**Extracted entries:**
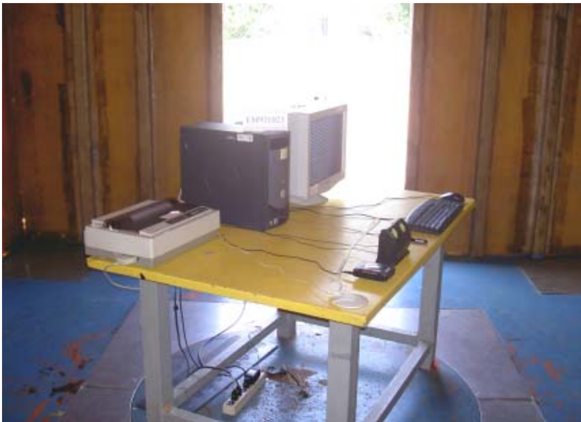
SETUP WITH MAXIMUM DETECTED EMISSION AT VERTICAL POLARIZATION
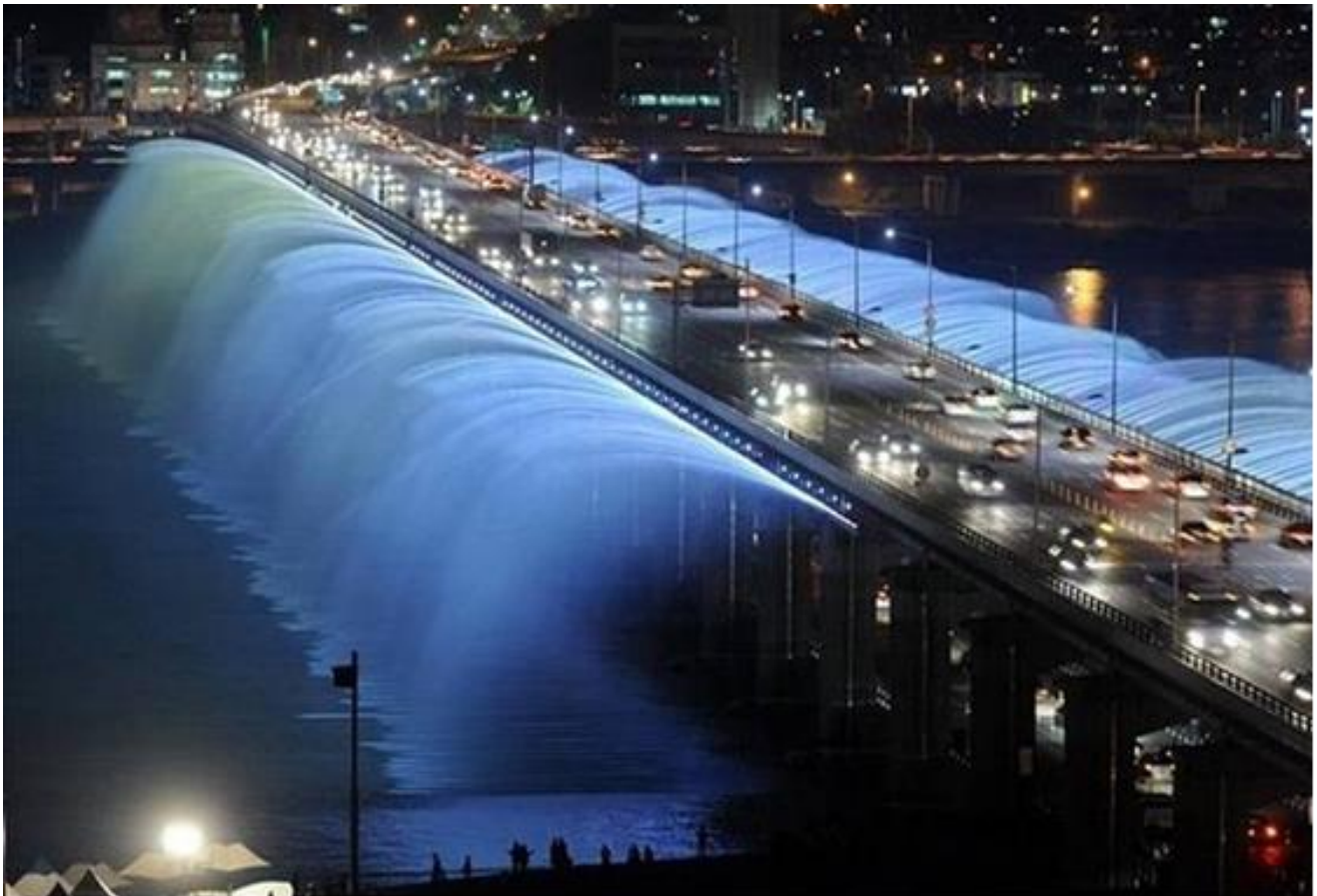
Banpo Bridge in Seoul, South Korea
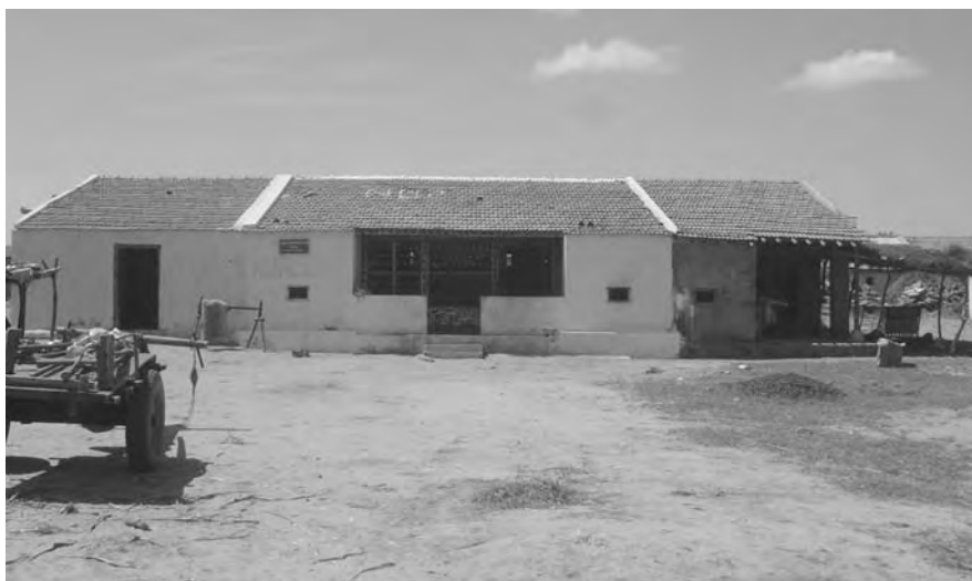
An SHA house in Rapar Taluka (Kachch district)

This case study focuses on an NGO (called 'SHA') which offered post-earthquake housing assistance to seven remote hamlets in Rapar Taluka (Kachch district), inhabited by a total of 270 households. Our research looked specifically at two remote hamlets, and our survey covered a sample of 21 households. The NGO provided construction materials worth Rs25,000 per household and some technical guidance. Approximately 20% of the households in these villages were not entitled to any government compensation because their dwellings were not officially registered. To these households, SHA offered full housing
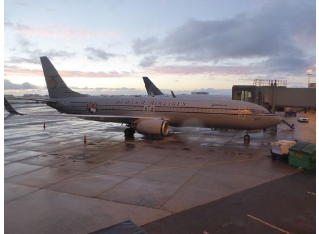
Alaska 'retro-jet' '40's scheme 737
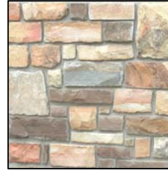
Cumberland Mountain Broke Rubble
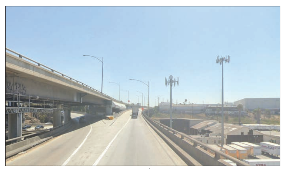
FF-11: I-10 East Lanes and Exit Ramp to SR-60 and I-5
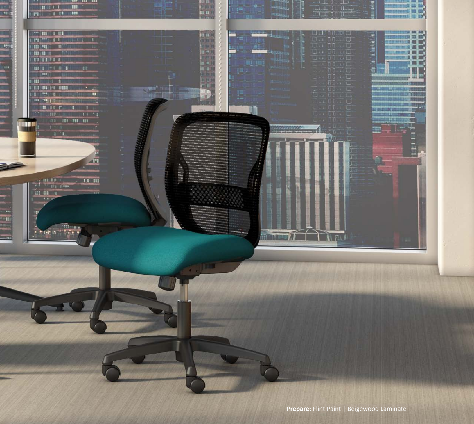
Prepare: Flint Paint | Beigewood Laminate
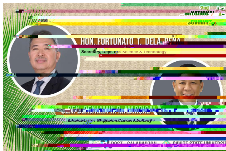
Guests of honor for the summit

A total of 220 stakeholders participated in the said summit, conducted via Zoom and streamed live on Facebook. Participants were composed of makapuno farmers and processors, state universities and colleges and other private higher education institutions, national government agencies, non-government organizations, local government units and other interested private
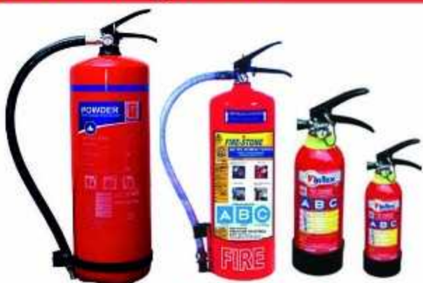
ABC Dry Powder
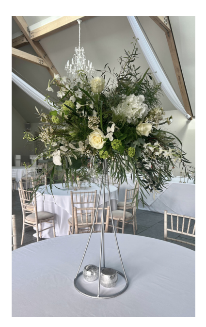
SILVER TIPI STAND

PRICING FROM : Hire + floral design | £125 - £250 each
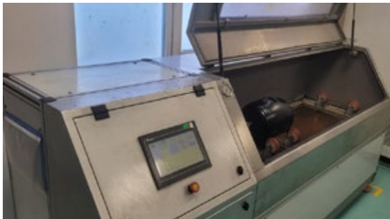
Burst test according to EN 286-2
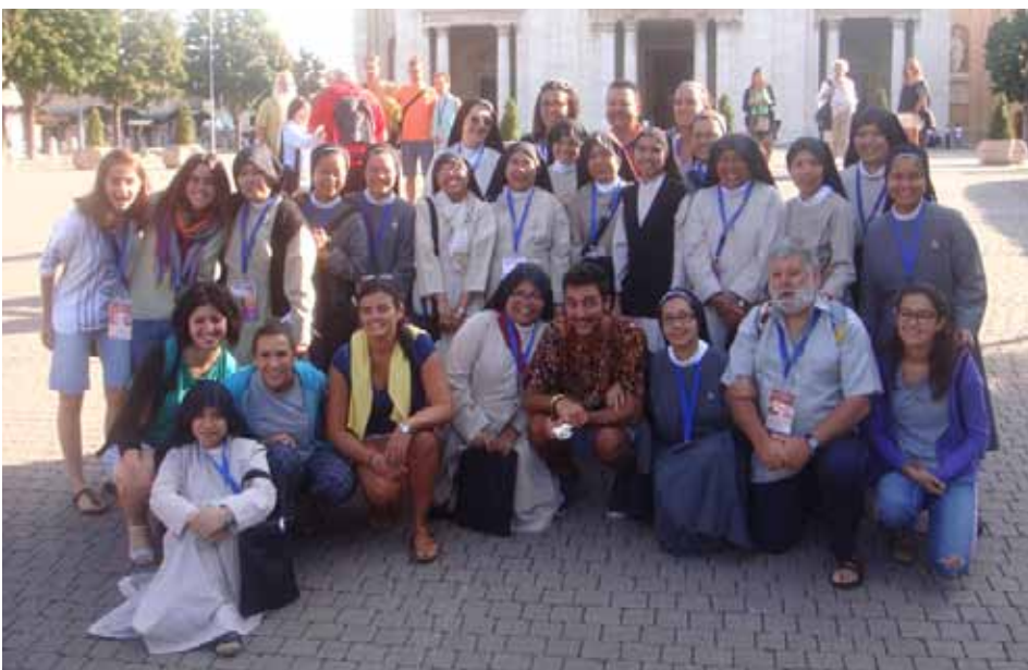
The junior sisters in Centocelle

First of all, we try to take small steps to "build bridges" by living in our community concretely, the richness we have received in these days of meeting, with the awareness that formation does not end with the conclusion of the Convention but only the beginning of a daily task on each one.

**Task statement:** On how many lines above does "summit" occur? Say the number only.

**Completed exercise:** 2